These are my friends on the way to work. They’re usually asleep. There’s about six more, and they all hang out around the food carts. I can’t imagine why, the frying oil smells like their butts. Oh, wait, that’s why…
A short post tonight, but an important one to me, as I prepare to leave Bogota. I’ve been working some very long hours on a set of reports that signal the end of my time here. News came out today of the signing of Colombia’s peace accords, and as I stared at the document on my screen, I had a knot in my throat – they’ve fought so long, and now battled for peace for four years more, and finally, the end is in sight.
I’m feeling the same, on a one-person’s-journey scale. It has been hard to pay attention to anything but work, but I knew the time was coming when I’d leave Bogota. This last stretch has been a lot of work – a lot of data to analyze, a lot of interviews and focus groups, a lot of surveys, a lot of stories about life Colombia outside the lovely capital cities. Our team did 20,000 interviews in five months. Then, the better part of the team vanished and the analysis came down to just a scant bunch. And the responsibility to me – I’ve worn it heavily, sometimes like a big whiner. Often!

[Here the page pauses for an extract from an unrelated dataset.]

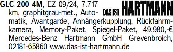 Anzeigentitel: GLC 200 4M, EZ 09/24, 7.717 km

I knew that when I finished, I could start the next chapter of my life, blah blah blah. So melodramatic. Anyway, it has felt like carrying a load of cantaloupes. Even when one got removed, I still was off balance, burdened, unsteady, too many damn melons. Now, finally, the load is starting to lessen. Tomorrow we give the client the big presentation on the data. Tomorrow night my friends are having a “so long Keri” party for me. A week later, I will be packed and waiting for my flight back to DC, some time with family, and then on to Madrid.

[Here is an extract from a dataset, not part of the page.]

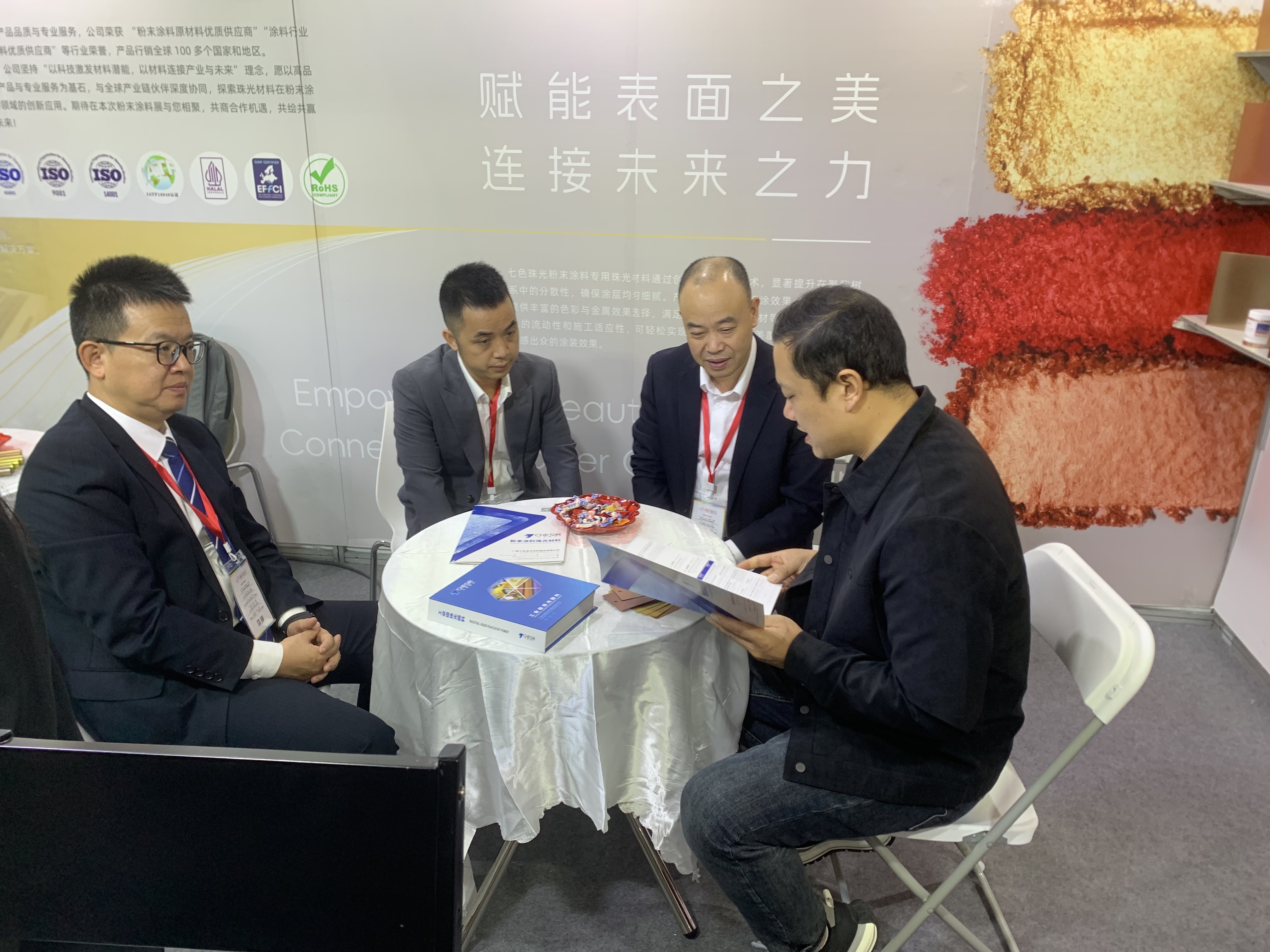 现场,众多粉末涂料与涂装行业企业到七色珠光展位参观、交流,公司团队认真倾听并记录了每一位客户的想法、需求与宝贵建议。

But what do I leave when I leave here? It’s a story that’s been building while the cantaloupes have been falling where they may. (That’s a metaphor, right?) This week I’m going to tell a bit of that story so I can remember better all the stuff that life has been made of here. I’m taking pictures, reminiscing, and hanging out with the ones I do love here. And I’ll put it right down on the interwebs. It’s my way of saying goodbye proper-like.